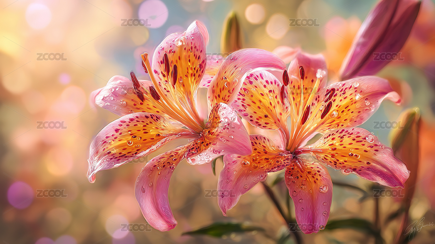 梦幻粉蓝百合花
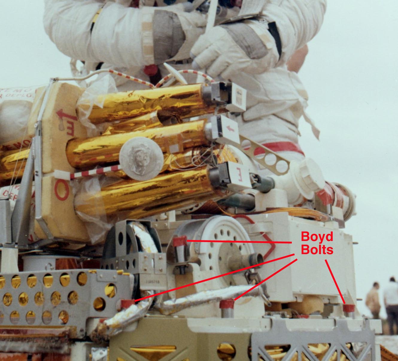 [This is Charlie's abbreviation of "Dadgummit". He is probably trying to release four Boyd bolts that secure the probe package to the Heat Flow Electronics package as per Item 2 on LMP-13.]120:57:47 Young: Okay, the Temp labels on the RTG package say "nothing". (Pause)[Training photo 72-HC-137 shows John at another point in the ALSEP deployment and a labeled detail indicates the locations of four of the many Boyd bolts.]
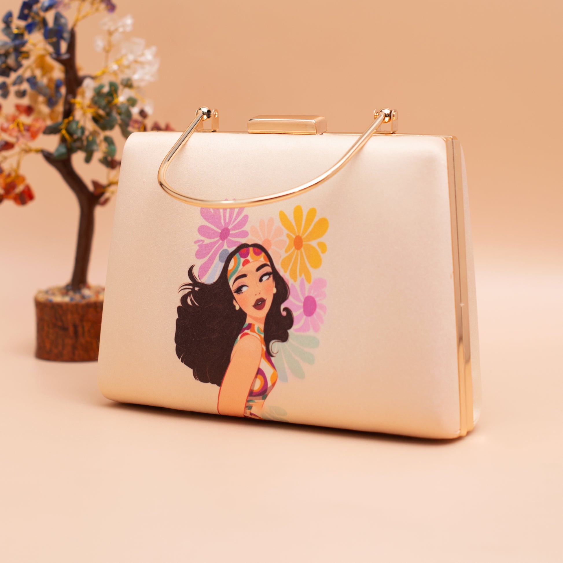 Add a burst of personality to every outing with these handcrafted clutches. Designed to blend fashion and art, each piece is a mini canvas—printed with vibrant illustrations, finished with a luxe hard-case body, and accented with a gleaming gold clasp and chain.
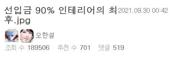 작성자 A씨는 “선입금 90% 인테리어의 최후” 라는 제목의 글로 많은 이들의 궁금증을 증폭시켰다.
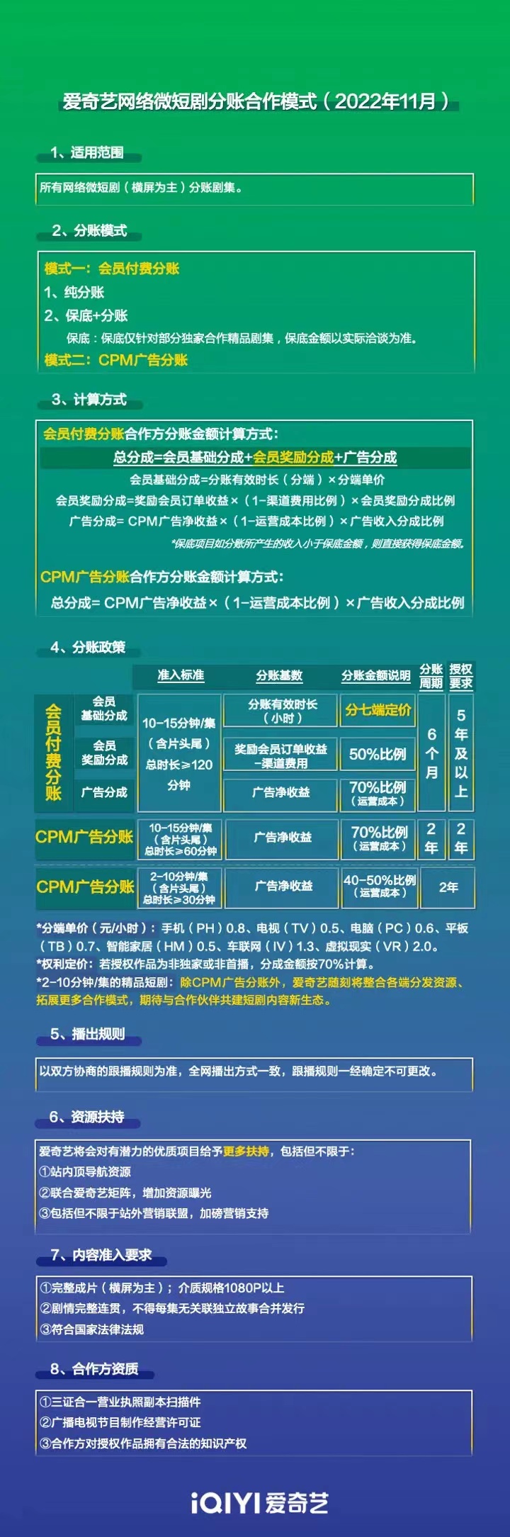 图片泉源:图虫创意 蓝鲸TMT频道11月10日讯,爱奇艺官方微信公众号体现,本日爱奇艺发布网络微短剧分账相助模式。面向上游微短剧创作方,单集时长2至15分钟且内容完备连贯的剧集,可通过会员付费分账或CPM广告分账模式上线爱奇艺平台。 此中,单集时长为2至10分钟的内容,采取CPM广告分账模式;单集时长10至15分钟的内容,采取会员付费分账模式+CPM广告分账模式。 会员付费分账收益分配上,爱奇艺连续了已在分账网剧市场应用的“会员拉新、会员有用观看时长、广告收入”三者叠加的收益统计和分成机制,同时面向片方开放七端数据。 自2012年推出分甘同味内容战略以来,爱奇艺通太过账模式与影视创作者相助已近十年。现在内容分账模式已包罗爱奇艺网络影戏、剧集、动漫、儿童、纪录片等多内容品类。 据德塔文数据体现,2022年上半年,在广电总局重点网络影视剧信息存案体系中,802家公司申报存案了微短剧项目,规划存案(即进入准备制作期)微短剧已达2859部,总集数69234集。本次爱奇艺将网络微短剧纳入平台分账模式,意味着网络微短剧片方也将可以或许应用爱奇艺平台的贸易和服务模式,把内容以便捷与低资源的发行方式出现给观众。微短剧集创作者和观众间将能实现更公平高效的内容创作与消耗支持。 |
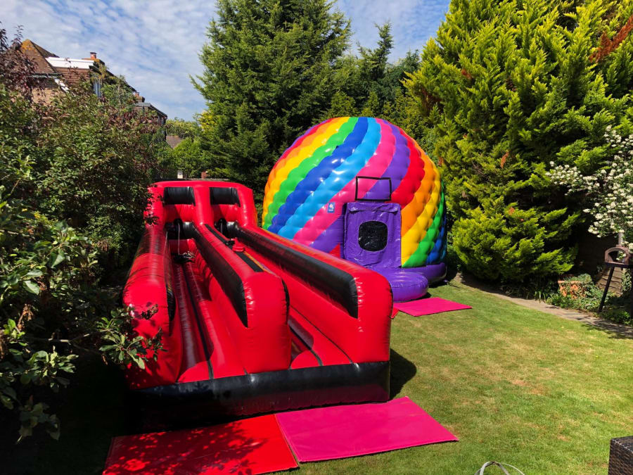 For your convenience, we provide an electric blower and an extension lead when setting up the equipment. The inflatable will be securely pegged into the grass (sandbags are provided for indoor bookings), and we'll supply a safety mat for added peace of mind.
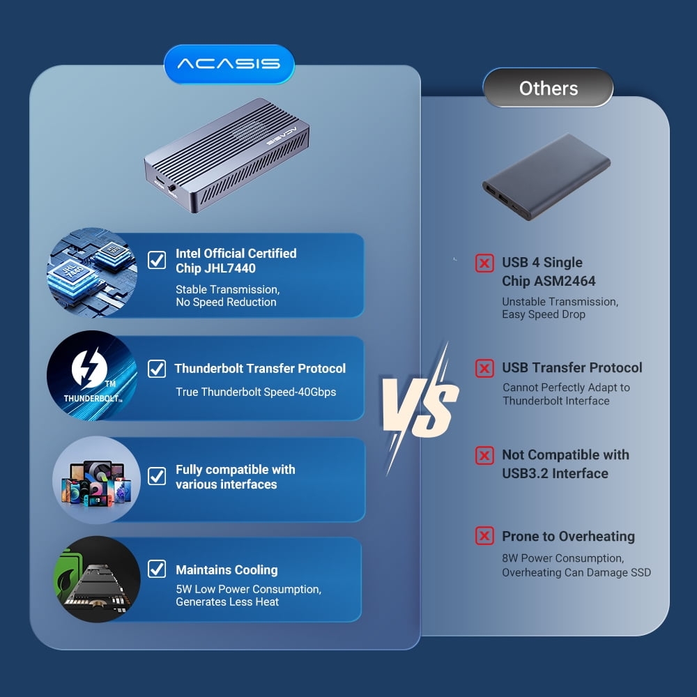 • Rugged, Silent & Reliable: The ACASIS SSD enclosure features a solid, fanless aluminum body with a curved surface. The design ensures effective passive cooling and exceptional durability. Enjoy completely silent operation and reliable data protection in any environment. This 40Gbps M.2 NVMe SSD enclosure comes with a two-year quality assurance. For warranty terms and detailed information, please refer to the product manual.
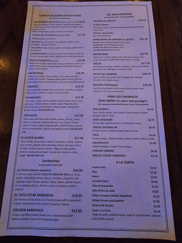 Our Famous Tlacoyos (Grandma's Recipe)2 Handmade Corn Dough Filled with Pinto Beans Topped with, Cilantro, Onions, Cheese, Sour Cream and Green Salsa
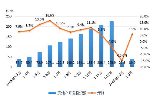 一季度,全市完成房地产开发投资39.9亿元,同比增长5.9%,高于全省平均水平3个百分点,增速比1-2月提高20.9个百分点,增幅在全省各市州中居第五位。其中,住宅投资26.9亿元,同比增长4.9%,增速比1-2月提高13.8个百分点,住宅投资占房地产开发投资的比重为67.4%;商业营业用房投资7.6亿元,同比增长14.1%。
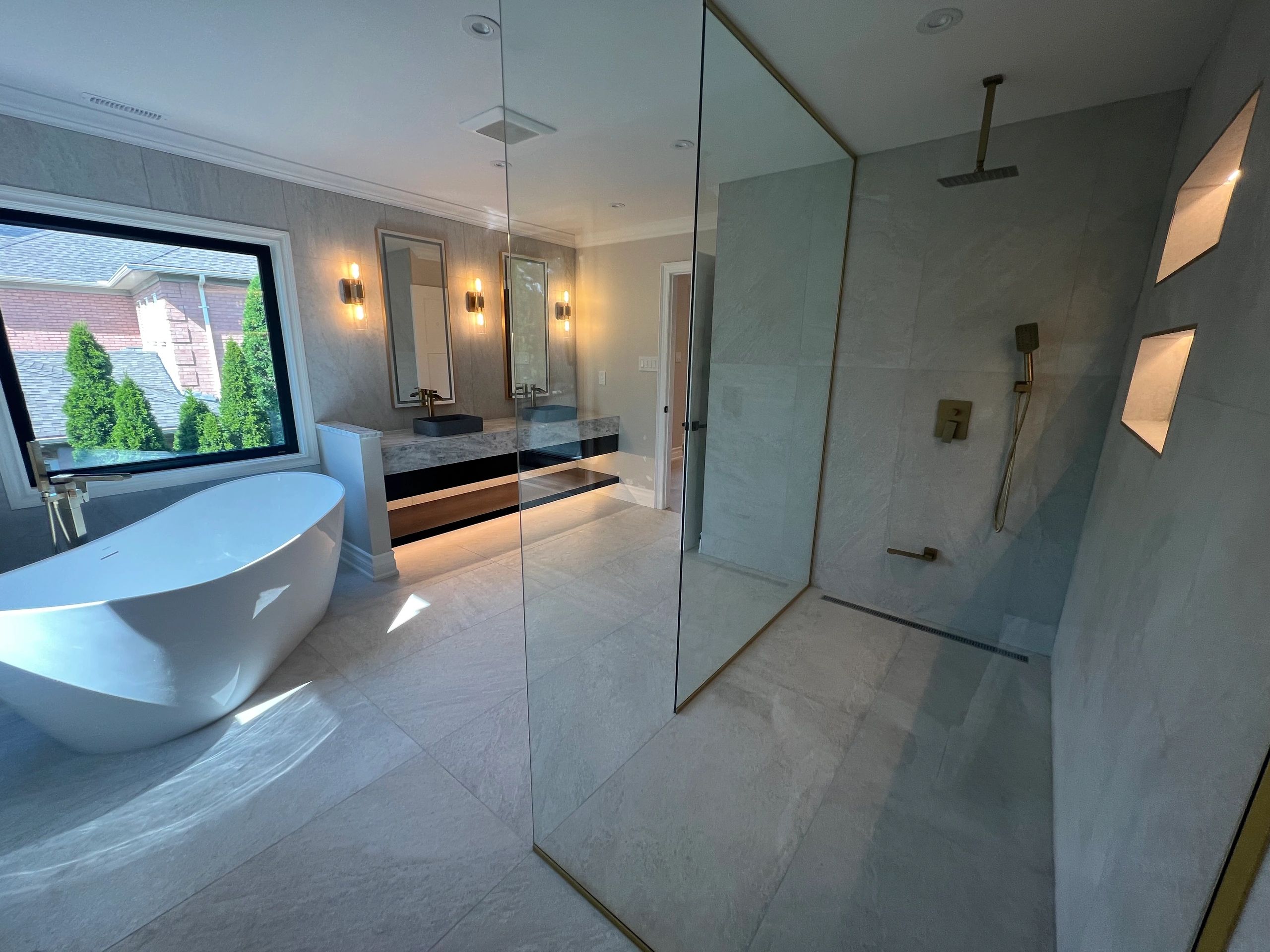 Each set starts with a real bathroom photo (top picture), followed by an AI-generated version to show how the tile transforms the space.
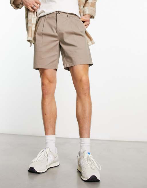 ASOS DESIGN pleated shorts in mid length in light grey
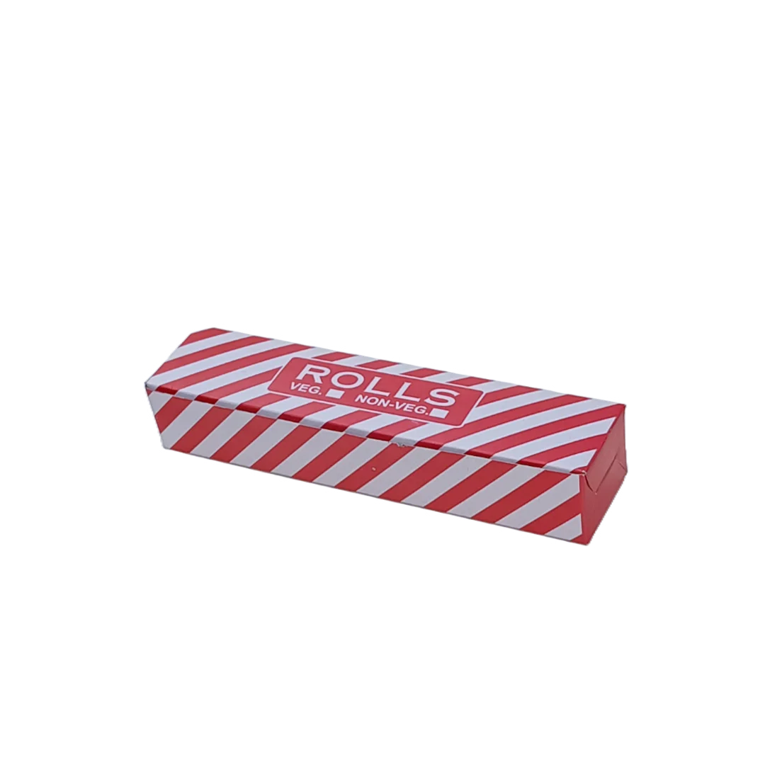 9″x2″x2″ Kathi Roll Box is in Red Stripped colour. Grey Back with Laminated paper and comes in flat way which is easy to assemble. Can hold all types of Kathi rolls and other long food items which fits exactly in the box. Keeps food warm & fresh for longer time. Best Takeaway option for Rolls and mostly used by restaurants, fast food counters, Kiosk and many more.
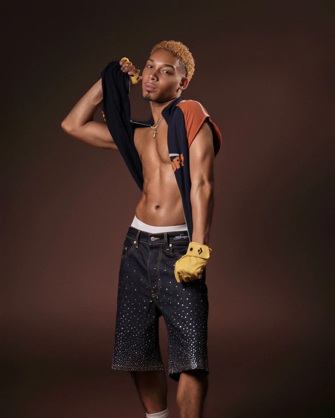 • A young man with dark curly hair and earrings, shirtless, wearing black leather gloves, pants, and a vest, standing against a plain background.
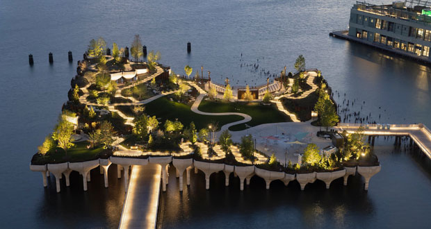 這個位於紐約哈德遜河之上的公園佔地約9710平方公尺,並以沉浸式體驗的形式將藝術和自然帶到這片「小島」之上。「小島」所創建的微環境藉由其顏色、材質、光線和陰影逐步展示在了大眾面前。人們無論是沿著蜿蜒的小路、階梯還是巨石前行,他們的視線中始終有著豐富色彩的植栽,並可以向遠眺望城市和港口的壯麗景色,採用3D和預鑄混凝土,包括687座圓形劇院,種植近400種植栽。

──────

ACTIVITY: When you reach the line holding "Each set starts" in the listing above, begin retyping exactly, and stop once the line holding "ASOS DESIGN pleated" is done; pictures stay out.

ANSWER SPACE:
 Each set starts with a real bathroom photo (top picture), followed by an AI-generated version to show how the tile transforms the space.
 ASOS DESIGN pleated shorts in mid length in light grey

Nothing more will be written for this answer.